Data for the task –
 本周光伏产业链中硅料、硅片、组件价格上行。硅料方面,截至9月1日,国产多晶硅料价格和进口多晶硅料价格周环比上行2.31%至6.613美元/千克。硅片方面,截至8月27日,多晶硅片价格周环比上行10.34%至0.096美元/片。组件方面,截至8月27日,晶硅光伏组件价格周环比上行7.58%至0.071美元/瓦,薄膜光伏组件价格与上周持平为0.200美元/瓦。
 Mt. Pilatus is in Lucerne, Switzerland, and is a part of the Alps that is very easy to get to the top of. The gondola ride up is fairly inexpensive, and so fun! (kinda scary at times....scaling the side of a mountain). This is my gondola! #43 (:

==

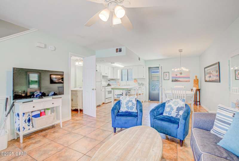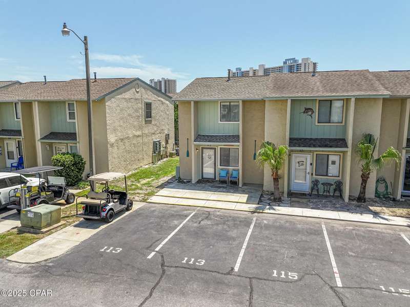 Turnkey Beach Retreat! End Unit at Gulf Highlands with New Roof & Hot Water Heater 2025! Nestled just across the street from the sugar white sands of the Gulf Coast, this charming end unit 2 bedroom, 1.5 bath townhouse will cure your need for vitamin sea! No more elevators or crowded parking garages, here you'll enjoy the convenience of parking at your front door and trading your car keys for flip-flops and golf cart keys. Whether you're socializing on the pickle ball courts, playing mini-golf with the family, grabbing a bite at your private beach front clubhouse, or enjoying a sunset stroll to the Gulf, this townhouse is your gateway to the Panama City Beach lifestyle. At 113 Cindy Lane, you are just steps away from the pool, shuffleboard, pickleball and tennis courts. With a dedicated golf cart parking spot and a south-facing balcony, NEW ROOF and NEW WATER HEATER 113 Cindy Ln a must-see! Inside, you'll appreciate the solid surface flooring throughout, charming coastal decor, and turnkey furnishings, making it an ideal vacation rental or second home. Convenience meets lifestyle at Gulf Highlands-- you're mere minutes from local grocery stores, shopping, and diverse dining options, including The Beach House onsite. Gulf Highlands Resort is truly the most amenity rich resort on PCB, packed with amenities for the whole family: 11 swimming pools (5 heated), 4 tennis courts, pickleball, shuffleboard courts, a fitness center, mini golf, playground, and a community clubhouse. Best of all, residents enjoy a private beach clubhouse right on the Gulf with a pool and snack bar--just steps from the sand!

--

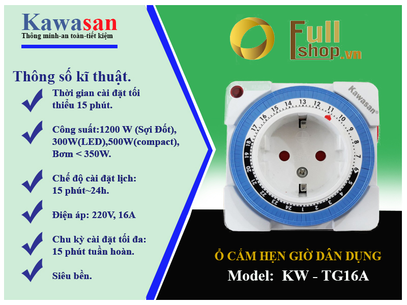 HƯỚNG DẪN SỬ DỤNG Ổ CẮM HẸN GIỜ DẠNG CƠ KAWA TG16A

Task directions –
Look above for the line that contains "本周光伏产业链中硅料、硅片、". Starting there, transcribe every line exactly until you have copied the line that contains "Mt. Pilatus is".

Task solution –
 本周光伏产业链中硅料、硅片、组件价格上行。硅料方面,截至9月1日,国产多晶硅料价格和进口多晶硅料价格周环比上行2.31%至6.613美元/千克。硅片方面,截至8月27日,多晶硅片价格周环比上行10.34%至0.096美元/片。组件方面,截至8月27日,晶硅光伏组件价格周环比上行7.58%至0.071美元/瓦,薄膜光伏组件价格与上周持平为0.200美元/瓦。
 Mt. Pilatus is in Lucerne, Switzerland, and is a part of the Alps that is very easy to get to the top of. The gondola ride up is fairly inexpensive, and so fun! (kinda scary at times....scaling the side of a mountain). This is my gondola! #43 (:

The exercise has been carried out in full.